--- Data for processing ---
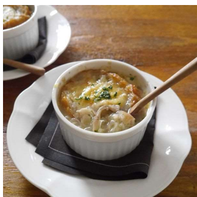
安比まいたけグラタン

カイハウスクラブに所属している料理研究家の先生方が八幡平市の食材を使ったレシピ開発とカイハウス料理教室の生徒を対象にしたオンライン料理教室を開催しています。
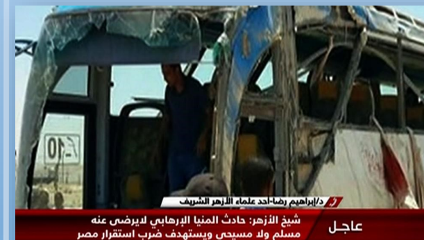
عاجل مسلم ولا مسيحي ويستهدف ضرب استقرار مصر شيخ الأزهر: حادث المنيا الإرهابي لا يرضى عنه
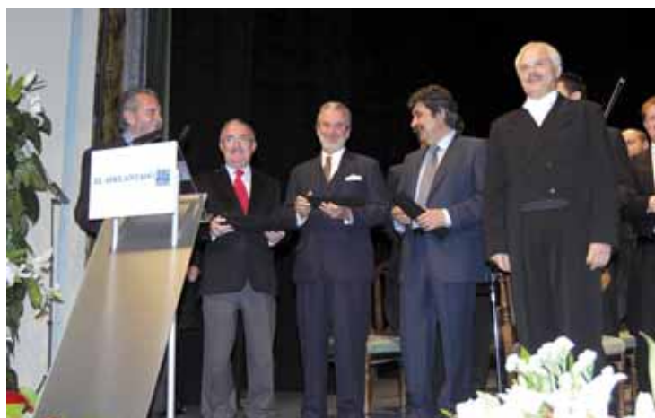
Entrega de las batutas de honor a los representantes políticos y empresariales implicados en la organización del concierto de Segovia.
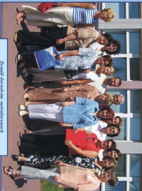
Zespół doradcze młodzieżowych Samorządowego Centrum Edukacji w Tarnobrzegu
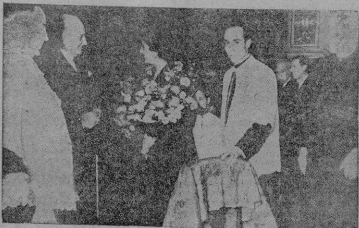
El Alcalde de la ciudad entrega a la esposa de S. E. el Jefe del Estado una medalla de la Virgen de la Caridad, ante el altar de la Patrona de Cartagena.
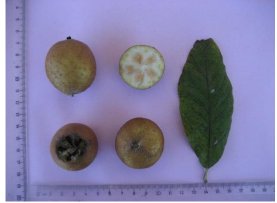
Tip No: 20
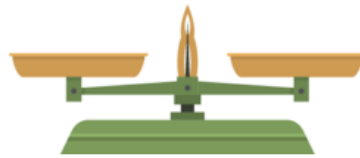
الميزان ذو الكفتين
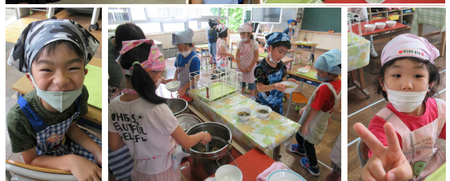
【自分たちで準備☆笑顔いっぱいの1年生です】
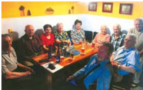
Společné foto.

Z fotografie vás zdraví spolužáci narození v roce 1936, dnes již 88mi-letí, kteří se sešli ve Velké Bíteši dne 21. 6. 2024. Ve znamení dvou nekonečno (88) jsme si popřáli hlavně hodně zdraví a také abychom v klidu a míru dožili dalších let.
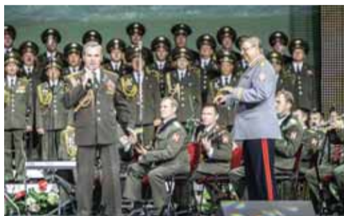
Выступает Ансамбль песни и пляски Внутренних войск МВД РФ
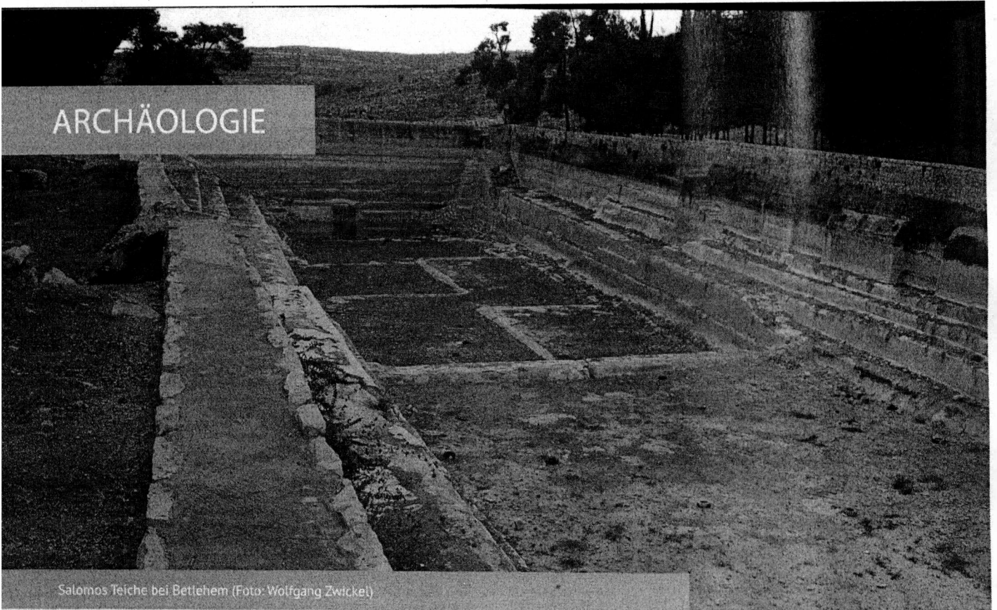
Salomos Teiche bei Betlehem
---
* _What you will do_:
Using the material above, transcribe exactly the lines from the one holding "カイハウスクラブに所属してい" to the one holding "Společné foto.", both ends kept. Do not carry over any pictures.

* _Written answer_:
カイハウスクラブに所属している料理研究家の先生方が八幡平市の食材を使ったレシピ開発とカイハウス料理教室の生徒を対象にしたオンライン料理教室を開催しています。
عاجل مسلم ولا مسيحي ويستهدف ضرب استقرار مصر شيخ الأزهر: حادث المنيا الإرهابي لا يرضى عنه
Entrega de las batutas de honor a los representantes políticos y empresariales implicados en la organización del concierto de Segovia.
Zespół doradcze młodzieżowych Samorządowego Centrum Edukacji w Tarnobrzegu
El Alcalde de la ciudad entrega a la esposa de S. E. el Jefe del Estado una medalla de la Virgen de la Caridad, ante el altar de la Patrona de Cartagena.
Tip No: 20
الميزان ذو الكفتين
【自分たちで準備☆笑顔いっぱいの1年生です】
Společné foto.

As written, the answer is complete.